### Collected material

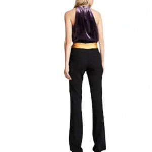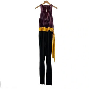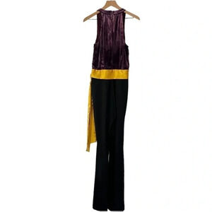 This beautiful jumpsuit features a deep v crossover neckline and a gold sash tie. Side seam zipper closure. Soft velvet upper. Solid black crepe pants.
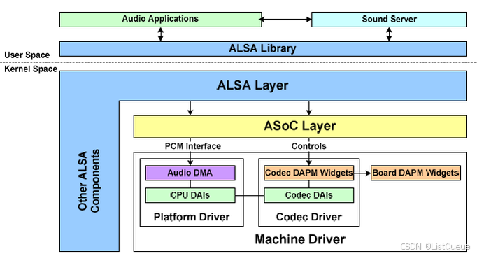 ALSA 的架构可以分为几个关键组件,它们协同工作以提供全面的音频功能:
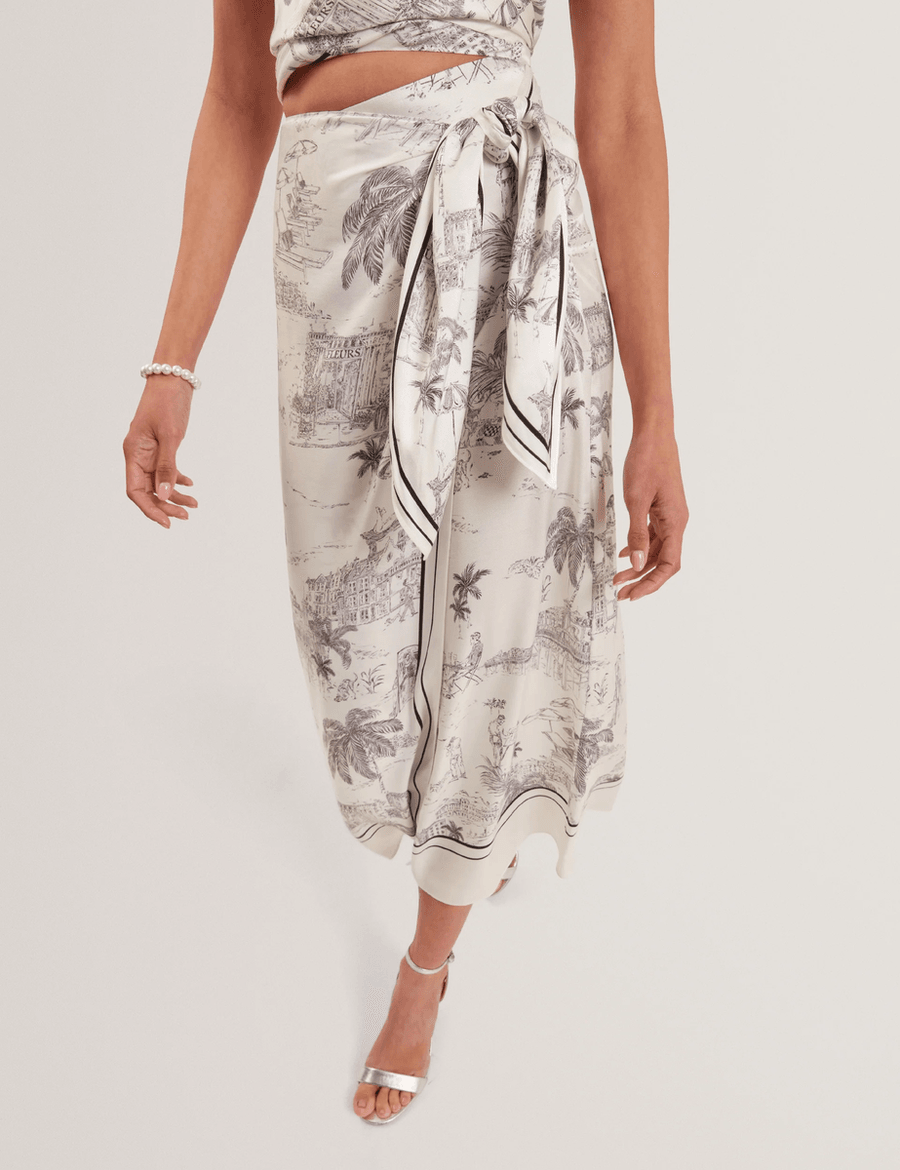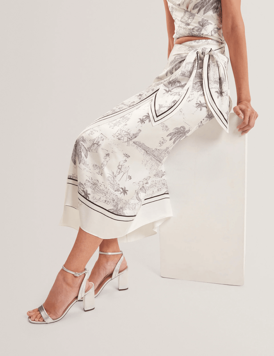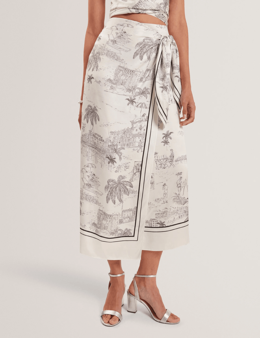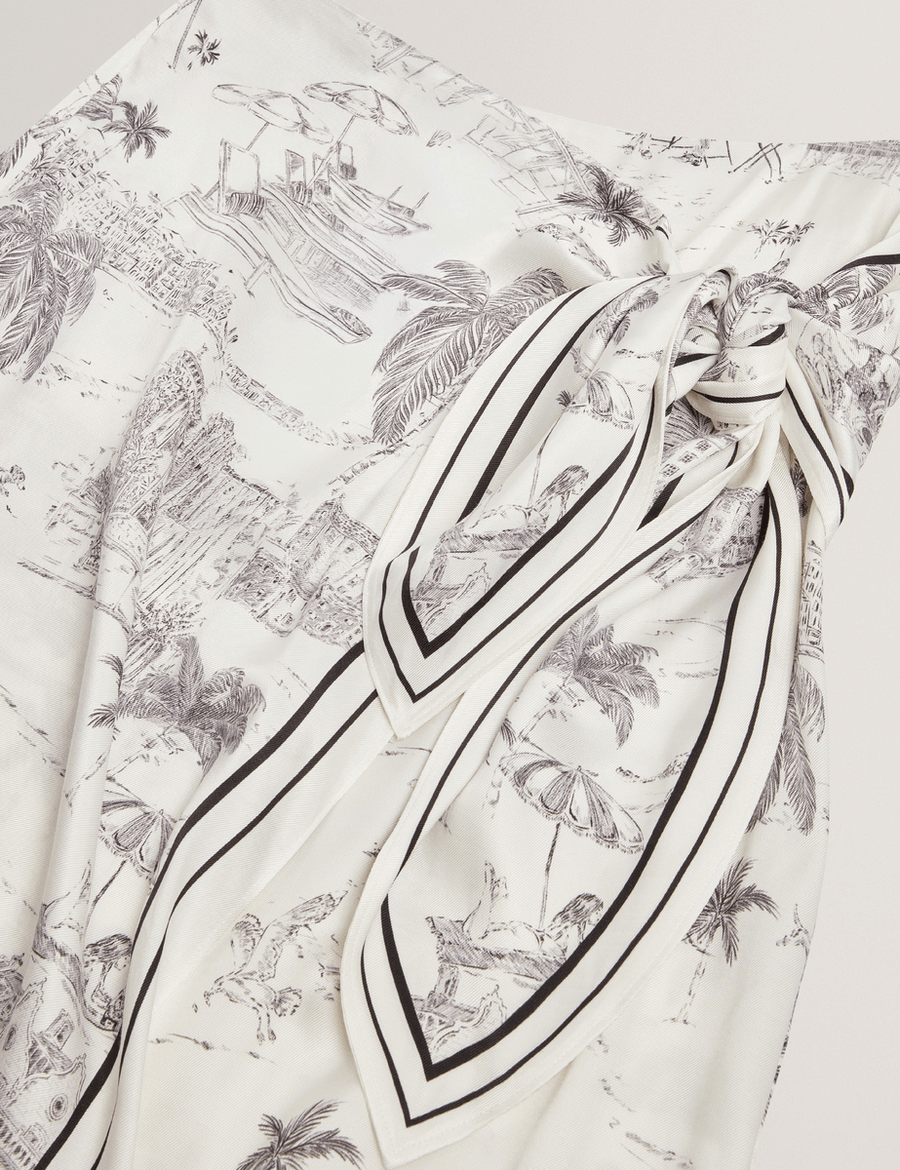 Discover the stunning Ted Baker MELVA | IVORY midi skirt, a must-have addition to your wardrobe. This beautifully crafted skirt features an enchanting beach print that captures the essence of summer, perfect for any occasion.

######

▶ Prompt
Output the complete listing exactly as it appears, except for the images.

▶ Exercise solution
 This beautiful jumpsuit features a deep v crossover neckline and a gold sash tie. Side seam zipper closure. Soft velvet upper. Solid black crepe pants.
 ALSA 的架构可以分为几个关键组件,它们协同工作以提供全面的音频功能:
 Discover the stunning Ted Baker MELVA | IVORY midi skirt, a must-have addition to your wardrobe. This beautifully crafted skirt features an enchanting beach print that captures the essence of summer, perfect for any occasion.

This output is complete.